Expertos citados en el artículo señalan que un vaso no es reutilizable solo por ser más grueso; para que lo sea, debe diseñarse para múltiples usos y existir un sistema eficiente de recogida, lavado y redistribución. En la mayoría de los festivales, ese sistema brilla por su ausencia. El resultado es un modelo que genera más residuos (por el mayor peso del plástico) y un sobrecoste para el público, mientras la organización se apunta un tanto de "sostenibilidad" sin cambios reales.

El problema no es nuevo: iniciativas similares en otros sectores (como bolsas de tela o pajitas de papel) han sido criticadas por su escaso impacto real si no van acompañadas de cambios sistémicos. En el caso de los festivales, la falta de infraestructura para el lavado y la logística inversa convierte el vaso reutilizable en un objeto de usar y tirar, pero más caro.

Fuente: Xataka

Crítica al greenwashing en festivales.

Me parece que este caso ilustra perfectamente cómo la etiqueta 'sostenible' se usa a menudo como reclamo comercial sin cambios reales. Los datos del artículo muestran que el problema no es el material, sino la falta de un sistema de reutilización efectivo. Si no hay recogida y lavado, el vaso grueso es solo un residuo más caro.
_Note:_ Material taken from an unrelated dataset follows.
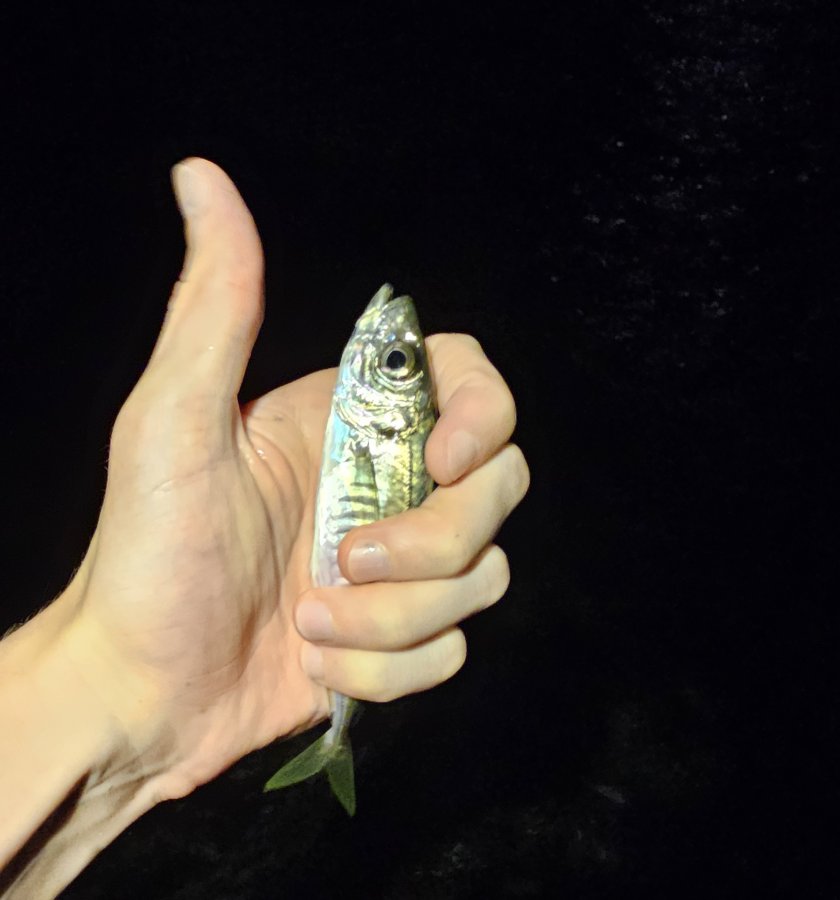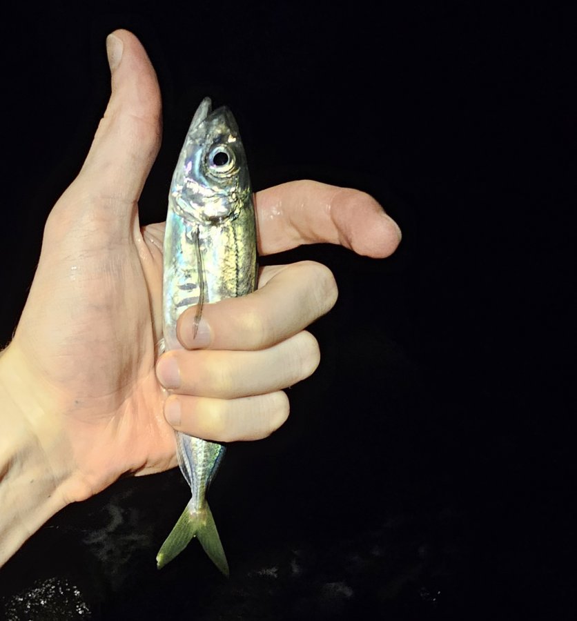 Мини-дневник. Небольшой накат, ветерок. На закате горбыль под аплодисменты набережной. В сумерках час активной ставриды, потом тишина, лишь мелкий сарган. Возврат к ставриде — пару доловил сменой приманки.

Desde un punto de vista de incentivos, el modelo actual beneficia a los organizadores (imagen verde, ingresos extra) y perjudica al asistente (paga más, no reduce residuos). La solución pasaría por implementar sistemas de depósito y devolución reales, como se hace en algunos países con envases de bebidas. Mientras tanto, el consumidor debería ser consciente de que está pagando por un gesto, no por un cambio.

En mi opinión, este tipo de prácticas erosionan la confianza en las iniciativas ambientales. Si queremos sostenibilidad de verdad, hace falta transparencia y medición de impacto, no solo cambiar el grosor del plástico.